For married tax payers, this law test the home ownership of the buyer and his/her spouse. For example: if you have not owned a home in the last three years, but your spouse owned a principal residence, neither you or your spouse qualifies for the tax credit.
However, unmarried joint purchasers can allocate the credit amount to any buyer who qualifies as a first time home buyer.
Ownership of a vacation home or rental property does not qualify as a first time home buyer.
The tax credit is equal to 10 percent of the purchase price up to a maximum of $8,000 dollars.
The income limits for single tax payers is $75,000 and the limit for married tax payers is $150,000 filing a joint return.
This tax credit does not have to be repaid. You claim the tax credit on your Federal Income Tax return. Home buyers should complete IRS Form 5405 to determine their tax credit amount, and claim this amount on line 69 of their 1040 income tax return. No other forms or applications are required, and no approval is necessary.

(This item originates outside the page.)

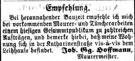 | Beschreibung | Maurermeister Johann Georg Hoffmann in der Katharinenstraße, Februar 1868 | ||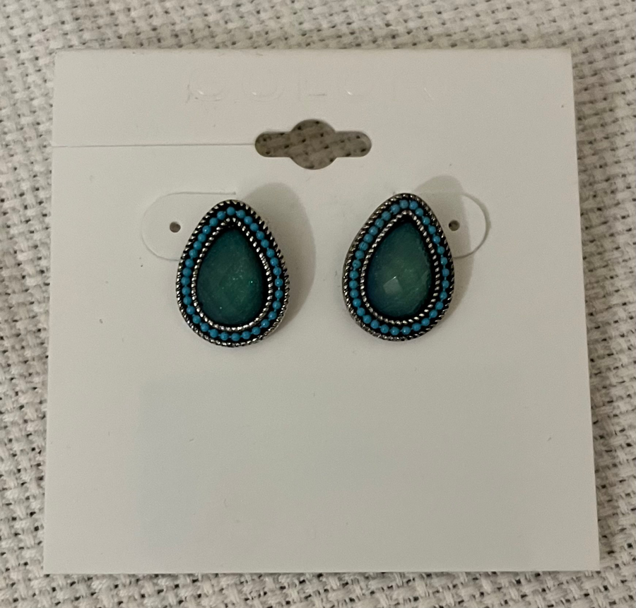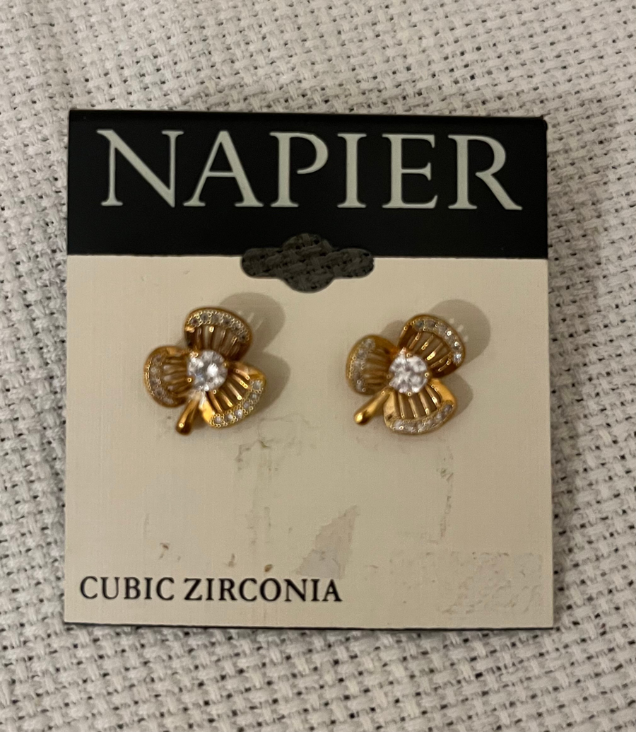 This fun bundle of four pairs of earrings will expand your collection or make great last-minute holiday gifts! Featuring: asymmetrical Guess earrings in silver tone with small rhinestones; gold-tone Shamrocks with cubic zirconia by Napier; black flower studs by Thalia with sparkly rhinestone centers; and a pair of sparkly green-blue tear drop earrings by Color.

Any home that will be used as a principal residence will qualify for the credit. The tax credit is refundable, which involves the government sending the tax payer a check for a portion or maybe all of the refundable tax credit.
For qualified veterans 100 percent financing is available through VA Guaranteed Loan Program. Veterans with 100 percent disabilities, certified by the Veterans Administration as service connected are eligible for property exempt status in the State of Oklahoma.
As a military retiree, dedicated to the military personnel and their families, I urge you to contact Coleman White@Jimbigelow.com for all your real estate needs.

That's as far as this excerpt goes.